Nada surtió efecto, el muchacho seguía sin apetito, atontado por el malestar. A la imagen del padre ahorcado se sumaba el recuerdo del día en que fue a enterrar a los muertos en el campo de prisioneros. Katharina lo miraba insistente con sus ojos sosegados, lo seguía por la casa y por último lo llevó de la mano y trató de meterse con él debajo de la mesa de la cocina, pero ambos estaban ya demasiado crecidos. Entonces se acurrucó a su lado y comenzó a murmurar una de esas largas letanías de la infancia.

El jueves temprano entró su madre a despertarlo para ir al liceo y lo encontró volteado hacia la pared, pálido y exhausto, con la decisión evidente de morirse, porque ya no podía soportar el asedio de tantos fantasmas. Ella comprendió que se consumiría en el ardor de la culpa por haber deseado cometer él mismo ese crimen y, sin decir palabra, la señora Carlé se dirigió al armario y empezó a hurgar.

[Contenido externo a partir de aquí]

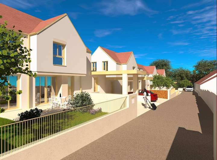 Wir freuen uns, 4 Reihenhäuser in unmittelbarer Nähe des Ortskerns in der Triftgasse in St. Margarethen verwirklichen zu können. In Zusammenarbeit mit Architekt DI Gasser, wird stilvoll auf die Gegebenheiten des Umfeldes Rücksicht genommen. Die Häuser bestehen aus einem Erd- und einem Obergeschoss. Das Kellergeschoss wird durch eine großzügige Lagerfläche sowie einem Technikraum im Erdgeschoss ersetzt, wodurch genügend Stauraum geboten wird. Bei der Ausstattung aller Reihenhäuser stehen Optik und Qualität im Vordergrund. Für jedes Haus wird die Leerverrohrung einer PV-Anlage automatisch errichtet. Weiters sind alle Häuser mit einem überdachten PKW-Stellplatz direkt vor dem Haus ausgestattet. Auf der eigenen Terrasse direkt vor dem Haus, können die Bewohner den Alltag gemütlich ausklingen lassen.

Encontró objetos perdidos desde hacía años, ropa sin uso, juguetes de sus hijos, radiografías del cerebro de Katharina, la escopeta de Jochen. Allí estaban también los zapatos de charol rojo con tacones de estilete y se sorprendió de que evocaran en ella tan pocos rencores, ni siquiera tuvo el impulso de lanzarlos a la basura, los llevó a la chimenea y los colocó junto al retrato de su difunto marido, uno a cada lado, como un altar. Por fin dio con la bolsa de lona usada por Lukas Carlé durante la guerra, un saco verde con firmes correas de cuero, y con la misma pulcritud excesiva con que ejecutaba todos los oficios de la casa y del campo, acomodó dentro del saco las ropas de su hijo menor, una fotografía suya el día de su boda, una caja de cartón forrada con seda donde guardaba un rizo de Katharina y un paquete de galletas de avena horneadas por ella el día anterior.